Although the transfer of State-owned assets in the process of black-box operations are no longer news, but “300MW PV in Jianshui County, Yunnan province,” bidding mode of operation has many shady. This is not only a possible transfer of a specific point; or do not exist “played games”.
A repeat drug cloud?
Recently, “300MW PV in Jianshui County, Yunnan province,” bidding will be the solar circle on its head on a grand scale, sharpen the PV mixer head wants to elbow its way into this project tries to get a piece of the action. It is reported that the above tender attracted the attention of two photovoltaic giants, namely the domestic photovoltaic industry leading Trina solar and Yingli Green energy.
However, the project was suspicious clumps in the bidding process, Tiger financial August 18, exclusive reports from the three doubtful points in the bidding process of the project: transfer of Yunnan metallurgy energy GmbH (hereinafter referred to as the clouds ye renewable energy) submitted incomplete information exchange; bids the suspect targeted settings; “flagging” cost puzzling details such as bizarre is higher than the market price.
Report upon the issue of PV market immediately attracted widespread attention, the mainstream media coverage followed, found that in addition to the above points, and tender procedures there is a larger question – the clouds ye new energy transfer without consent of the Yunnan provincial development and Reform Commission approved.
Statistics show that Yun Ye new energy is the “300MW PV in Jianshui County, Yunnan province,” the project company, the project is in the Honghe Prefecture, Yunnan province Jianshui County nanzhuang, company has a registered capital of 100 million Yuan, the paid-up capital of 20 million Yuan, the company operating range of photovoltaic power generation and energy-saving development, investment and technological development in the field of the company employs 14 people.
According to cloud development and reform energy “2013” No. 2074 on nanzhuang approval document approved by the on-grid PV power station in Jianshui County, Yunnan province, approved on December 23, 2013, approved construction of the 300-megawatt photovoltaic power plant project, the project company for the rule of the new energy and investment cost of about 2.77 billion dollars, documents for a limited period of two years.
Well worth mentioning is that the sixth, rule provides: “without consent of the project approval authorities, the project legal person may not transfer, auction items or otherwise change the proportion of investors and investment. ”
After being approved by the national development and Reform Commission approved more than half a year, Yunnan metallurgy group choose to transfer, the clouds ye 90% stake in renewable energy and, in effect, introduction to transfer “300MW PV in Jianshui County, Yunnan province”.
However, the bidding information published in Yunnan property rights Exchange, the company only provides a simple audit report, the Commission [Twitter] application form and evaluation reports, and not approved by the national development and Reform Commission agreed to transfer files.
Interviews were conducted with media of Yunnan provincial development and Reform Commission, two staff members are given the opposite response.
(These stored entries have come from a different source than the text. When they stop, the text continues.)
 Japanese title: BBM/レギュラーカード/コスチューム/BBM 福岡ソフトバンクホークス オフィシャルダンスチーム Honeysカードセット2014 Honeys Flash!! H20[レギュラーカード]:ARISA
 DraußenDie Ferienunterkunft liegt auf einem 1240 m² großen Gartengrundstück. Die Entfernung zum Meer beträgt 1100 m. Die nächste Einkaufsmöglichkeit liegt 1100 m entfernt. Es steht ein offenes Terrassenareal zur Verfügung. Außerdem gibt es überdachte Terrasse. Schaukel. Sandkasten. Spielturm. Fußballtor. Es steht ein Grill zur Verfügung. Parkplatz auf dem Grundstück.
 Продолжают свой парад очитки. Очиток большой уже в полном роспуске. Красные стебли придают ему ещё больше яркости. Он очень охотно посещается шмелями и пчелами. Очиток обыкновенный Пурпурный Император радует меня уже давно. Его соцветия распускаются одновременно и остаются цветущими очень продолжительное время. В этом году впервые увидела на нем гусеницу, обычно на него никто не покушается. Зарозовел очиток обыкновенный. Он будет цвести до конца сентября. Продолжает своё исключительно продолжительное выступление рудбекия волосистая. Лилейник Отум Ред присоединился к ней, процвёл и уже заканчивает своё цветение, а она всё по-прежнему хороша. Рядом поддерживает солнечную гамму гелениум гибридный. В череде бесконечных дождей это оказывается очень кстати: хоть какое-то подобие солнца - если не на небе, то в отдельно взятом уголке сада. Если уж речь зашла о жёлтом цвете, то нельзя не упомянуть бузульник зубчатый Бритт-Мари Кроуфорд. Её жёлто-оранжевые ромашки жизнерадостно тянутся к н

One staff member said the NDRC would not interfere with corporate actions, must be approved by the local government, while at the national development and Reform Commission for the record.
Another staff member said, since the reply explicitly requested the transfer, subject to approval by the Department, Yun Ye new energy for the share transfer must go through development and Reform Commission agreed to in principle. The staff member added, this project ought to be informed by the Truth Commission, estimated to be orally informed leadership and the national development and Reform Commission here in advance.
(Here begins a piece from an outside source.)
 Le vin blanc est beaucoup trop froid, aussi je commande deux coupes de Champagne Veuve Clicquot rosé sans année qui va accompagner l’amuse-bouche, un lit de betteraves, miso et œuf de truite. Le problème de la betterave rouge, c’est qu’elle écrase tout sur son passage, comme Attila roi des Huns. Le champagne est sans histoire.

This means that Yun Ye new energy there may be loopholes in the transfer of shares in a competitive bidding process, if the transfer had not agreed to by the national development and Reform Commission, then this transaction is “desperate”, either the transferor or transferee is a huge risk.
Yunnan baiyao ownership dispute and a series of earlier cases, the Supreme People’s Court embodies a fundamental principle, namely, “State-owned equity transfer are subject to sector-wide approval, without the approval of the State-owned share transfer shall be null and void.”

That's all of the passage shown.